- Born: 1819 Alabama
- Died: 1884 (aged 64–65) Okmulgee, Creek Nation, Indian Territory
- Occupation: Preacher
- Known for: Principal Chief, Creek Nation

= Samuel Checote =

Muscogee political leader, military veteran and Methodist preacher

Samuel Checote (1819–1884) (Muscogee) was a political leader, military veteran, and a Methodist preacher in the Creek Nation, Indian Territory. He served two terms as the first principal chief of the tribe to be elected under their new constitution created after the American Civil War. He had to deal with continuing tensions among his people, as traditionalists opposed assimilation to European-American ways.

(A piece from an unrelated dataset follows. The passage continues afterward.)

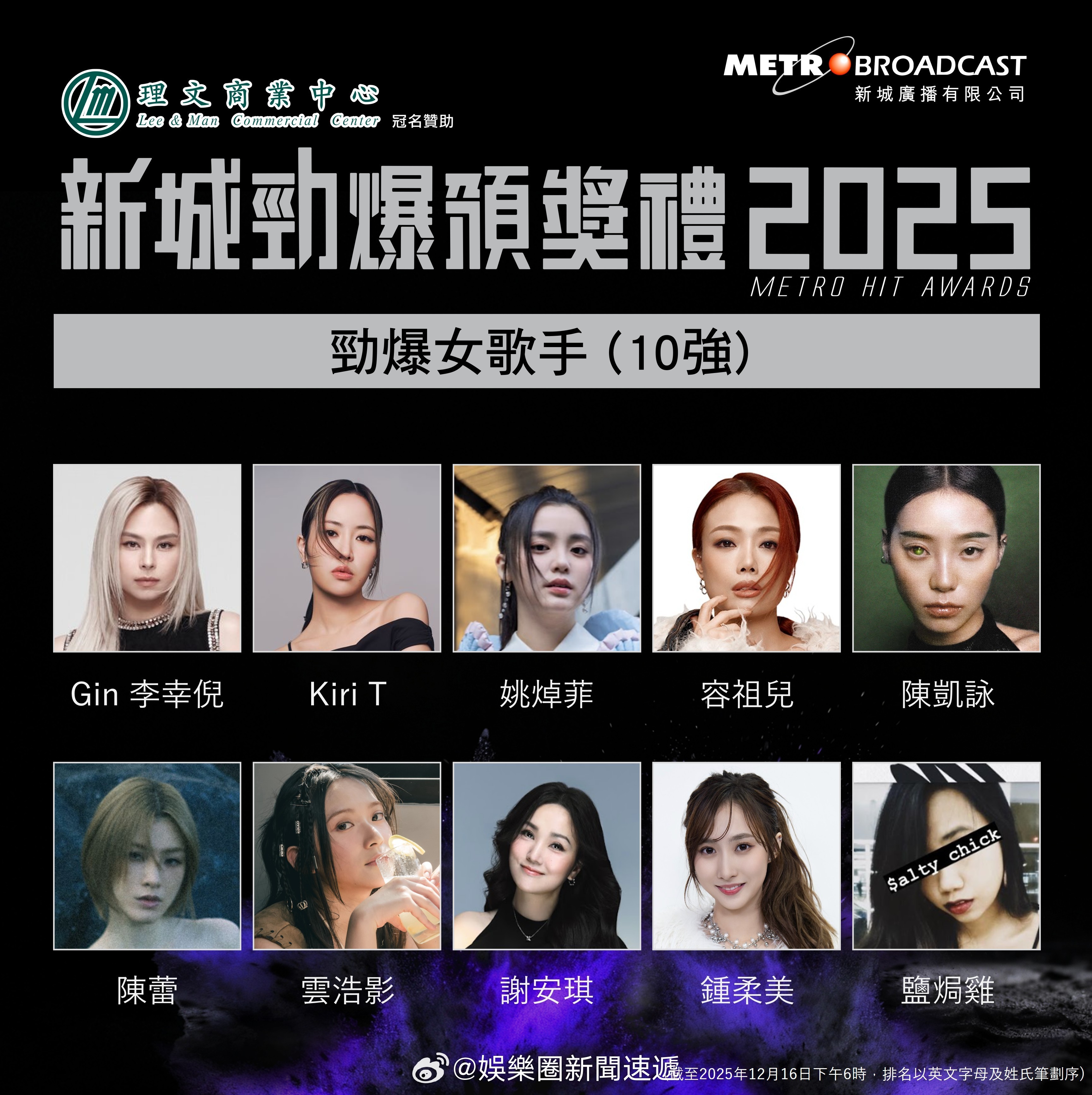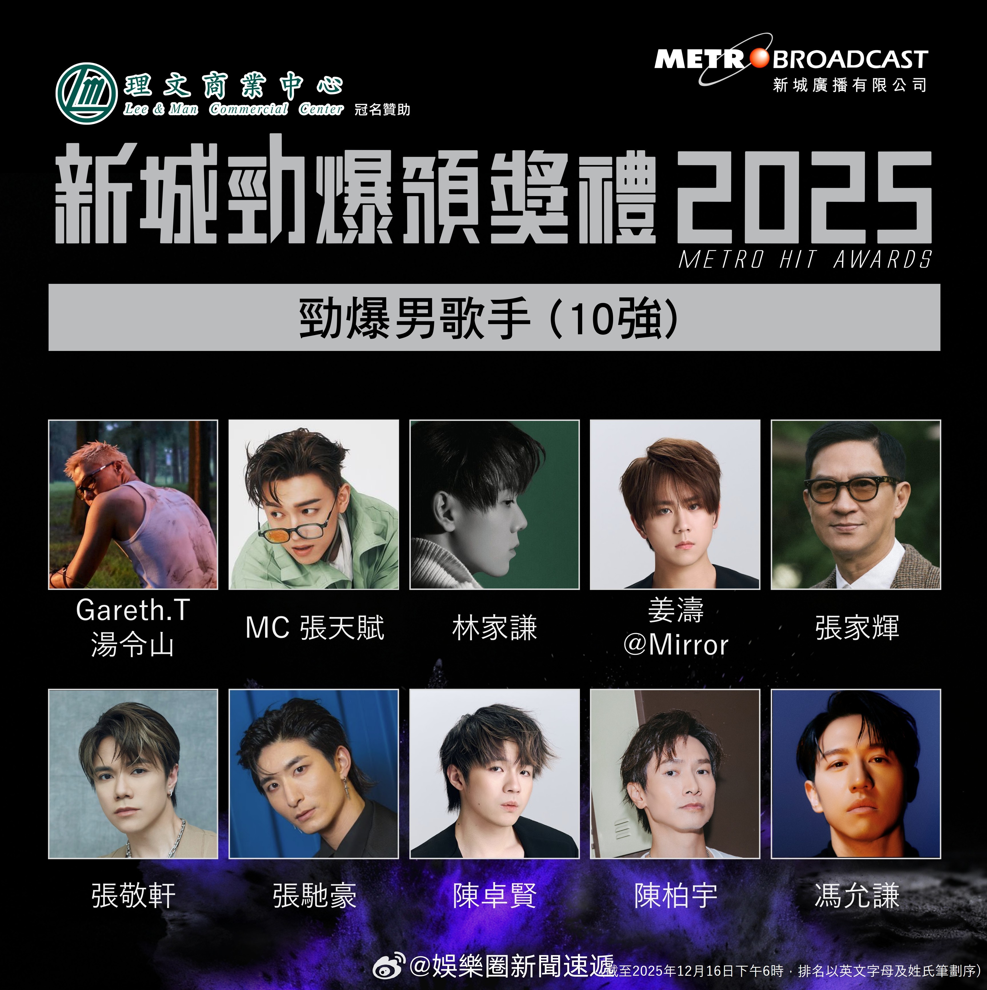 「入選10強勁爆歌手…激戰新世代 姚焯菲挑戰一代天后 … (大公文匯全媒體 特約記者 陳惠芳)《新城勁爆頒獎禮2025》將於12月27日舉行,隨着網上投票進入倒數階段,大會今日(16日)下午公布「勁爆男歌手」及「勁爆女歌手」兩大重點獎項的10強最新走勢,戰況相當激烈。在「勁爆男歌手」方面,成功躋身10強的歌手包括:Gareth.T(汤令山 )、、、姜涛 、、、及。在「勁爆男歌手」10強名單中,影帝張家輝入圍最為觸目,其餘席位則由樂壇中流砥柱與新生代猛將包辦,包括上屆大熱張敬軒、唱作俱佳的林家謙、人氣男團MIRROR成員姜濤與陳卓賢、以及近年表現亮眼的MC張天賦、Gareth.T、張馳豪及陳柏宇,由此可見競爭亦相當激烈..」入內看全文:网页链接 香港
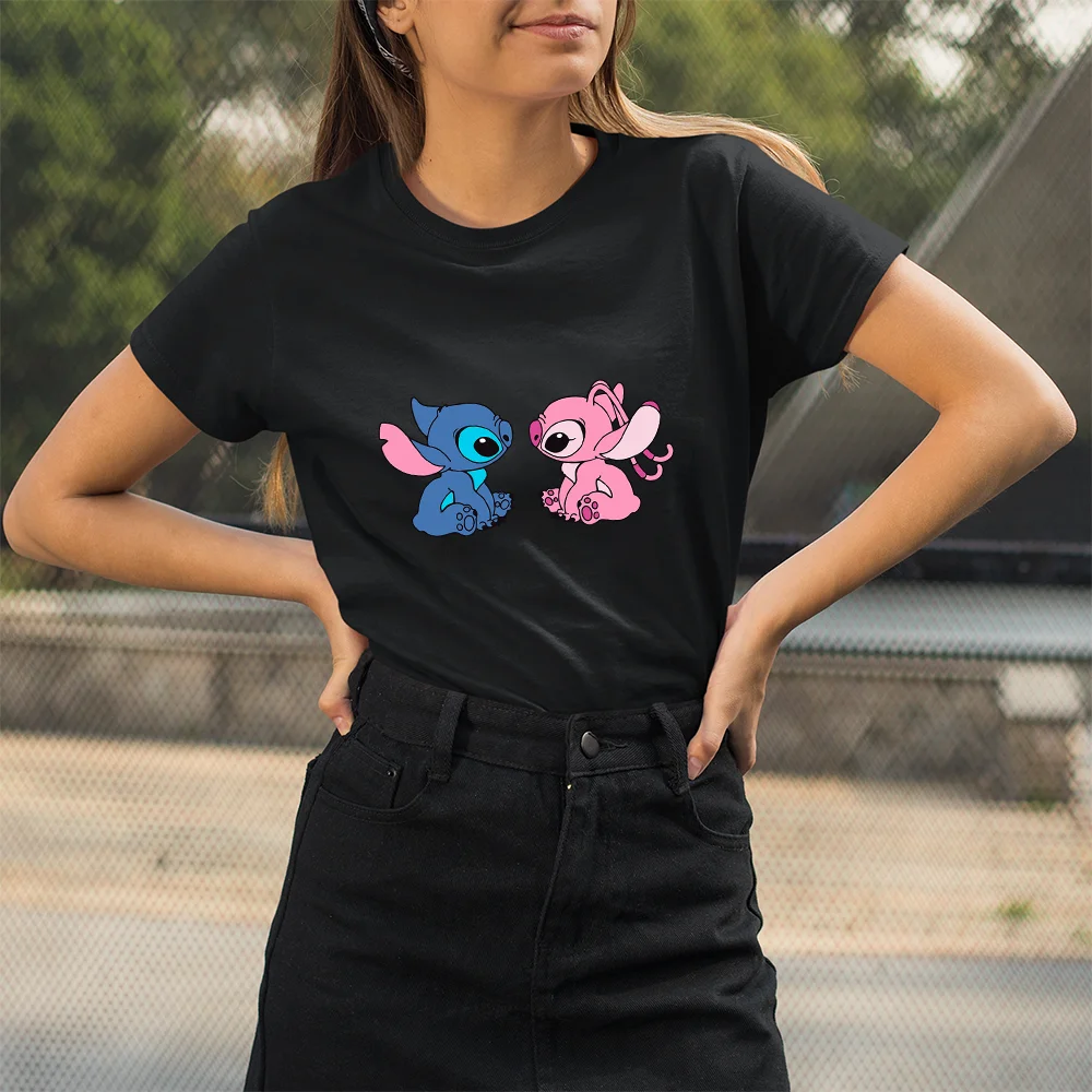Дисней летние новые женские футболки Kawaii Dropship черный, белый цвет Lilo amp; Stitch Cartoon Fashion повседневные футболки женский тренд Harajuku

Checote fought with the Confederacy during the war; most Creek supported their cause. He served as a lieutenant colonel with a Creek mounted unit in Indian Territory. After the war he resumed preaching.

==Early life and education==
Checote was born in 1819 to a Muscogee family in the Chattahoochee Valley, traditional Creek territory. It is in present-day eastern Alabama, near the Georgia state line. He started school at the Asbury Manual Labor School, established by Methodist missionaries near Fort Mitchell, Alabama. In 1829, he and his family were forced to move to Indian Territory (present-day Oklahoma) as part of Indian Removal. They settled near where Okmulgee developed.

Later, Checote attended an academy founded by John Harrell, a Methodist missionary. He encouraged Checote's studies and persuaded him to become a minister to the Creek (Muscogee).

==Preacher==
Following removal, the Lower Creek Council, which had earlier been dominated by those who wanted to take up some European-American ways, passed laws in 1832 and 1844 forbidding any tribal member from preaching Christianity. Checote and several other Creek preachers fled for their safety; they remained outside the Creek Nation until they were able to appeal to Chief Roley McIntosh. He overrode the council and repealed the law.

In 1852, Checote joined the Indian Mission Conference of the Methodist Episcopal Church, South. The national church had split into North and South denominations because of disagreement over slavery. Some of the Creek and members of the other Civilized Tribes held enslaved African Americans; they had taken many to Indian Territory at the time of removal, and later purchased others.

Checote continued preaching until the American Civil War began. He and many other Creek supported the Confederacy, which had promised an all-Indian state if it was victorious. He enlisted in the Confederate Army on August 13, 1861, as captain of Company B of the First Regiment of Creek Mounted Volunteers. On August 19, 1861, he was commissioned as lieutenant colonel of his regiment. He and his regiment participated in several actions against Union forces, including the 1864 Battle of Cabin Creek and a skirmish at Pryor Creek.

After the end of the Civil War, Checote resumed his career as a Methodist preacher. He served as a circuit rider, traveling distances to serve other Creek in their territory. He was a presiding elder of the Indian Mission.

==Principal chief==
In 1867 Checote was elected as principal chief of the Creek Nation; he was the first to serve under the new postwar Creek constitution. He was reelected to a second term in 1871.

Checote's skills as a political leader were tested by tribal tensions and rivalries, which increased over the next decade. Many of the Creek were traditionalists who continued to oppose assimilation into the white man's way of life. This group, initially led by Locha Harjo, opposed the new constitution.

They eventually formed a kind of rival government based in the town of Nuyaka. After the death of Harjo, the group turned to Isparhecher, a former Checote supporter and district judge, as their chief.

During this period, Checote remained affiliated with the Methodist Church. The Methodist Church, South, chose Checote as a delegate to the international 1882 Ecumenical Council in London, England. But he was unable to attend because of illness.

Troubles continued with rebel opposition within the Nation. In early 1883 Checote called on the Creek Lighthorse, the law enforcement unit, led by Pleasant Porter, to put down the rival movement. In February 1883, Porter's force defeated the Nuyaka rebels in a battle that came to be known as the "Peach Orchard War" or Green Peach War.

The Nuyaka men, accompanied by their families, moved to Anadarko, where they sought refuge among the Kiowa tribe. Isparhecher had gone to meet with some Cherokee, seeking their support. The Federal government intervened, arresting the fugitives and sending them to Fort Gibson. A U.S. Government commission came to meet with representatives of both Creek factions at Muskogee, seeking to resolve the dispute.

Checote resigned as Principal Chief in mid-1883 and called for a new election. It was a contest between Isparhecher and Joseph Perryman, a member of the Checote party. The election on September 3, 1883, was very close. While Isparhecher believed that he had won and briefly served as principal chief during December 1883, the Secretary of the Interior intervened. That department ruled that Perryman had won the vote count and was rightfully the principal chief.

The Perryman government named Isparhecher as its delegate in Washington, D. C. in 1884. It also compensated him for losses of his property and other expenses during the insurrection.

Checote died at his home in Okmulgee on September 3, 1884.